The film is buoyant and that is how we must be if we want to retain our tourist business in these troubled times.

Part of that buoyancy is down to the local population and whether we make the visitors really welcome.

Having local folk walk around with faces like slapped kippers doesn't get the best reaction from people who have travelled many miles to holiday on the friendly English Riviera.

Now about that welcome.

The reason that I will pitch up at the parking meter meeting is because it seems to me that we are spending hundreds of thousands getting people to visit and then metaphorically take the foot shot as we make them angry by blatantly stinging them with painful parking meter charges.

But, of course, it isn't just the holidaymakers who take the parking meter pain since the local population get to share.

A local legal-eagle is looking at the relevant statute since our executive seem to be using parking meters as a means of revenue collection rather than traffic control.

That being the case, we have one part of the administration saying to people please come visit whilst another department is making them very unwelcome!

Of course, it isn't just about tourists when the parking meters start to spread like some alien life form.

It's hard enough these days to hold a community together around the centre of a town.

The evidence is the sad empty shops that look hopelessly like the mouth of a man in need of a dentist after years of oral neglect.

We've spent, again, hundreds of thousands on town centre managers and consultants.

We watched our Prime Minister ' launch' shopping guru Mary Portas on some sort of spiritual retail journey around the towns and cities in the hope of regenerating the flagging fortunes of the high street.

So what do we do on the English Riviera / Torbay/ Agatha's Riviera?

Parking Meters! Outstanding! You couldn't make it up.

One of the planned pitches is on the road around the west side of Paignton harbour.

The harbour economy is fragile and for the local businesses parking meters will be both catastrophic and pointless.

Catastrophic because for many a business it will be the final nail in a cheap coffin.

Pointless because people will simply not park there and so the machines will stand idle as a monument to the commercial corpse.

So, let us celebrate what is good, push forward socially cohesive and economically viable initiatives, but most of all have a council with its eye on the ball.

Wednesday 21 September 2011

DON'T SIT THERE - GET UP AND GO!







I was the guest speaker this morning at the Peter Jones Enterprise Academy based at South Devon College.


“The Peter Jones Enterprise Academy is an opportunity for aspiring entrepreneurs to realise and achieve their business dreams.
Set-up by Peter Jones, CBE, star of ‘Dragons’ Den’, the Academy was the first to offer further education courses in enterprise and entrepreneurship in the UK where students are actually required to set up and run their own business.”


My thing, obviously, was about the life of Harbour Sports from the idea, the creation, the life pattern up to and including today.


The today is the interesting part as the national economy balances on a knife edge. Today Nick Clegg will address the Liberal Party at their annual conference and bang on about the economy. Meanwhile TV star and shopping expert Mary Portas is galloping around the country attempting to stimulate life into lifeless high streets.
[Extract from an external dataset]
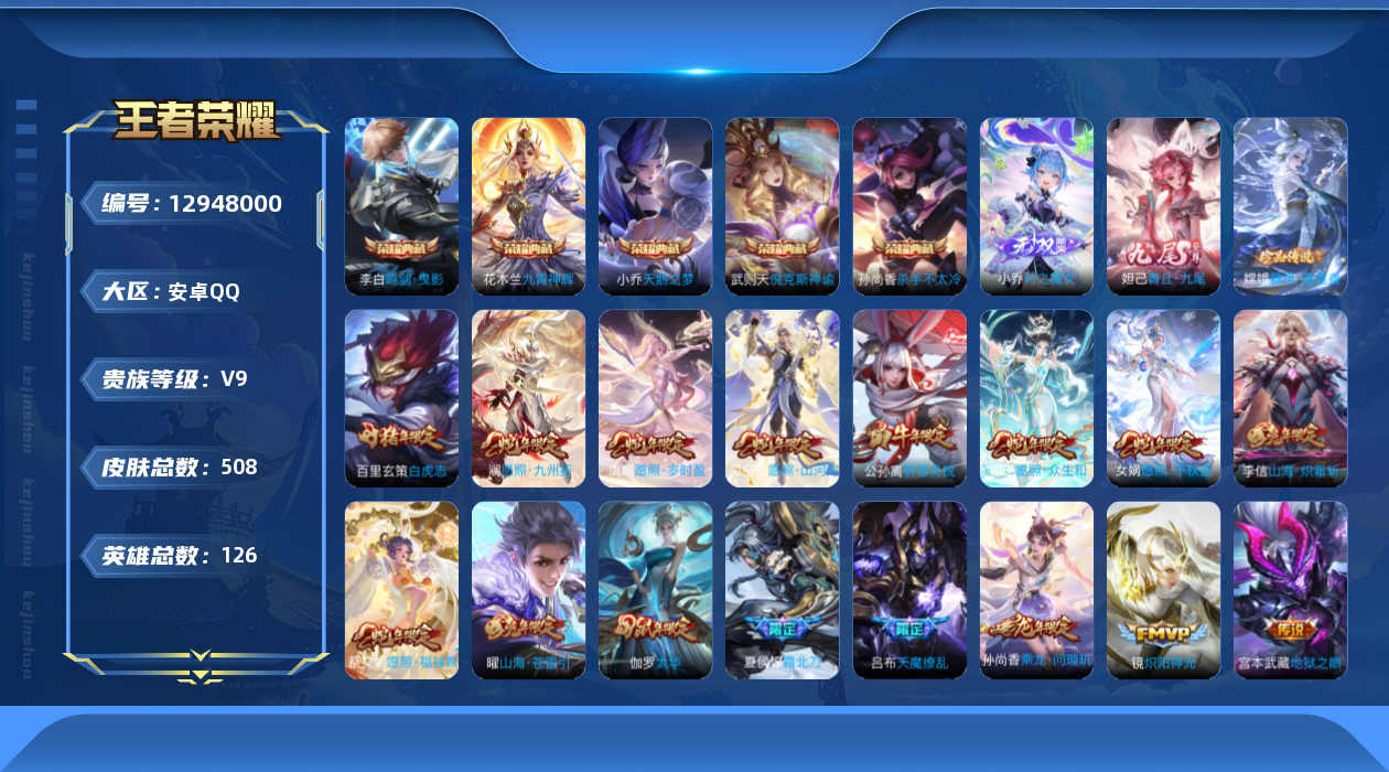 [12948000]对抗路31段/【暑期末清货/特价急出/永久包赔】:安卓Q-V9-至尊星耀IV段位-126英雄-508皮肤-5典藏-2无双-1珍品传说-42传说-164史诗

These are hard times and the increasing trend if for people to hide indoors and sink into the virtual world offered by the Internet and countless television channels.
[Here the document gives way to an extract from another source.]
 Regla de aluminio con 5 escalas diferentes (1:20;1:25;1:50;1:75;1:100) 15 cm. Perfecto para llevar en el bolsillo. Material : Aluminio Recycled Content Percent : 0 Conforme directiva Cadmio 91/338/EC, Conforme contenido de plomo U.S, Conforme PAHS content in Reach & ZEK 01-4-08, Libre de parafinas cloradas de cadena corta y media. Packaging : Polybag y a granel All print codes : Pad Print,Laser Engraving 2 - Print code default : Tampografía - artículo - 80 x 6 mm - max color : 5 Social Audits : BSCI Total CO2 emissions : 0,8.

Certainly we have noticed reduced footfall and a reluctance take hands out of pockets!
But taking hands out of pockets is what needs to happen for all sorts of reasons. Unless the economy lifts then we will head for curious places.
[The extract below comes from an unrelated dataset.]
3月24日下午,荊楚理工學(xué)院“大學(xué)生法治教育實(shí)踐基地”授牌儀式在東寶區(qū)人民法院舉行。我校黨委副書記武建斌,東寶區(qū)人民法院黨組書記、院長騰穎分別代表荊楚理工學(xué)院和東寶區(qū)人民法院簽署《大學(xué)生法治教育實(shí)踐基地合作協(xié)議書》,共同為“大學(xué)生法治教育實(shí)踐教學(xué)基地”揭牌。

Now, whilst I was banging on about Harbour Sports I suddenly slipped into a sunnier place where people got out and did rather than sat down and watched. Windsurfers, surfers, kayakers, sailors, hikers, climbers and in point of fact people that got out and did.


You see, if the body and spirit is active then the mind will follow. SO GET OUT AND DO – LIVE THE LIFE – MAKE IT HAPPEN.


frank

Thursday 15 September 2011

Are we really all in it together?





This is a cut and paste from my fortnightly column in the Herald Express today...



WE KEEP being told about the Big Society and my question remains the same: What Big Society?

David Cameron and his band of Eton College Old Boys keep banging on about how we must all pull together and how we are all in this together and yet, to me, the evidence is stacking up against that battle hymn.

We are told they have been handed the empty coffers and devastating debt by the previous administration.

But what must be clear to anyone with half a brain cell that poor old Gordon Brown was just the silly sausage who got left with the useless parcel when the music stopped in the international game of financial pass the parcel.

When he opened his cleverly-wrapped parcel he found it full of junk bonds, worthless mortgages and other dubious financial goodies. Had David Cameron been in that seat at the time, he too would have been clutching that nasty little goodie bag. But he wasn't.

Some bright spark suggested that never in the history of man has so much been taken from so many by so few.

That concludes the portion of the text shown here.